In this task we would like you to complete the 'rock, paper, scissors' game defined in the first cell below. You should complete the `determine_winner` function, printing the winner of the game ('Player Wins!', 'Computer Wins!' or 'Draw!').

If you are not familiar with the rules of the game:

- Rock beats Scissors,
- Scissors beats Paper,
- Paper beats Rock,
- and same choice results in a draw.

When the second cell is run it will call the `play_game` function defined in the first cell which will call the completed `determine_winner` function to print the results to the screen. When you run the code you will need to type in your choice in the input box that appears!

You do **not** need to edit any code in the second cell below.

In [None]:
import random

choice_list = ['Rock', 'Paper', 'Scissors']
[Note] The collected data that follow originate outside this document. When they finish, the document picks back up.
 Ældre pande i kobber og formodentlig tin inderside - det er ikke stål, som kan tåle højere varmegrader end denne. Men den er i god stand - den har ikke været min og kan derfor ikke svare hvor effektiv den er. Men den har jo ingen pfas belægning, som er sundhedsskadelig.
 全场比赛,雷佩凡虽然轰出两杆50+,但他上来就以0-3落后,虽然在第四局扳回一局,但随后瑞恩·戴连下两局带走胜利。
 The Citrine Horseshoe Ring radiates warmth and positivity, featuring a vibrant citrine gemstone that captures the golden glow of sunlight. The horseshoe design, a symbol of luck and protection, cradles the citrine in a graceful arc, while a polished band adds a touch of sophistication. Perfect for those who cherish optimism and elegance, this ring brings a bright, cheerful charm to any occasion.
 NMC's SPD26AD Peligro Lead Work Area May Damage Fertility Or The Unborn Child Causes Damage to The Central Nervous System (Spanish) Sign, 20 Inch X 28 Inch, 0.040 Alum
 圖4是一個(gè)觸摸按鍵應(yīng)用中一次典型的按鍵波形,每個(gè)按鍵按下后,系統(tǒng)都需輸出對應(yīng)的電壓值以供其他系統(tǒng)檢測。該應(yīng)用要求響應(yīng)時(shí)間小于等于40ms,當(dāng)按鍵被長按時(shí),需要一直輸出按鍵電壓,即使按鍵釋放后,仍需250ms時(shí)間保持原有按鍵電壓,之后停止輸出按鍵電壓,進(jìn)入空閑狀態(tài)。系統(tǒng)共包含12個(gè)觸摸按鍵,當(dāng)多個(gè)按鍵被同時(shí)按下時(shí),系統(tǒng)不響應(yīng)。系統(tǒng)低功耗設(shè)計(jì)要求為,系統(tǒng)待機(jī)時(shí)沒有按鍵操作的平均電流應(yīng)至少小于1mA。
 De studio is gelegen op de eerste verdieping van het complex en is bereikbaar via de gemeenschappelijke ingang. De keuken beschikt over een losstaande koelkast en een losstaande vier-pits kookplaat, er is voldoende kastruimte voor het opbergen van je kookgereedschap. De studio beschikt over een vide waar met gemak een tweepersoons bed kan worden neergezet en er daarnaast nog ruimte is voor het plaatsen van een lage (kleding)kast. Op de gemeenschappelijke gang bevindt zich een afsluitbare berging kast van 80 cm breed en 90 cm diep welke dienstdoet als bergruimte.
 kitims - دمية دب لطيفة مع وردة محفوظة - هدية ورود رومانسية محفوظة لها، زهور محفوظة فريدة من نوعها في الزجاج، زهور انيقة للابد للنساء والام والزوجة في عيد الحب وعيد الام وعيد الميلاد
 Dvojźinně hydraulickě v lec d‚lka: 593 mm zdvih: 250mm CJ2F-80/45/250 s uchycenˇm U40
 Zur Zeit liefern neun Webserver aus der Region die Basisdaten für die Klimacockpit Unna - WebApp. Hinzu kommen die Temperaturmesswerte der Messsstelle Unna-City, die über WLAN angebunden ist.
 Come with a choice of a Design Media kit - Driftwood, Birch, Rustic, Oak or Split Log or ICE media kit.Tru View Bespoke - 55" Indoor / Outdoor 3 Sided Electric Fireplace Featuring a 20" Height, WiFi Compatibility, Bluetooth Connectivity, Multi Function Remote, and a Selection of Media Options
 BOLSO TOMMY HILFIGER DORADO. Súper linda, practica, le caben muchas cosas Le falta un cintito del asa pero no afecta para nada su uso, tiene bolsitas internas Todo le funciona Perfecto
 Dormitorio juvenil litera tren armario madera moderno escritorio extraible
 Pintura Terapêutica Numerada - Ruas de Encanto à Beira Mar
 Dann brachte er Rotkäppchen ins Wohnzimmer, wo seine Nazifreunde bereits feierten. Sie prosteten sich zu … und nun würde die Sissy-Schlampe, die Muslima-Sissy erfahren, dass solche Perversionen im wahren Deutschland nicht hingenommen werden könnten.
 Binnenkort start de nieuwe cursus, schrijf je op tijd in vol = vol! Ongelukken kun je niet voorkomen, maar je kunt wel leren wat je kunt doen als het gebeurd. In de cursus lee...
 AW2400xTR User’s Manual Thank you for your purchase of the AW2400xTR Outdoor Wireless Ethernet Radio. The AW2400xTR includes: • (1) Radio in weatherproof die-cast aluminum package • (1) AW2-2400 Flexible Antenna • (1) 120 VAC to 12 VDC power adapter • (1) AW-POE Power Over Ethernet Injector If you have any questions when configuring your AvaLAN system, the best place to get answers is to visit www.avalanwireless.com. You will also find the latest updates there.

# Function to get a random choice from the computer
def get_cpu_choice():
    choice = random.choice(choice_list)  # Randomly select 'Rock', 'Paper', or 'Scissors'
    return choice

# Function to get the player's choice
def get_player_choice():
    while True:
        # Prompt player to enter their choice, removing any leading/trailing whitespace
        player_choice = input('Choose Rock, Paper or Scissors:').strip()
        # Check if the choice is valid
        if player_choice not in choice_list:
            print(player_choice, 'is not a valid choice, pick from:', choice_list)
        else:
            print('\nYou chose:', player_choice)
            break  # Exit the loop once a valid choice is made
    return player_choice

def determine_winner(player_choice, computer_choice):
    # Complete the function to print the winner to the screen and determine whether player or CPU wins the game
    print()

# Main function to play the game
def play_game():
    print('Rock, Paper, Scissors Game!')
    print('-' * 27, '\n')
    # Get choices from both player and computer
    user_choice = get_player_choice()
    cpu_choice = get_cpu_choice()
    print('Computer chose:', cpu_choice, '\n')  # Display the computer's choice
    determine_winner(user_choice, cpu_choice)  # Determine and display the winner

In [None]:
play_game()

----

Remember to save your answers!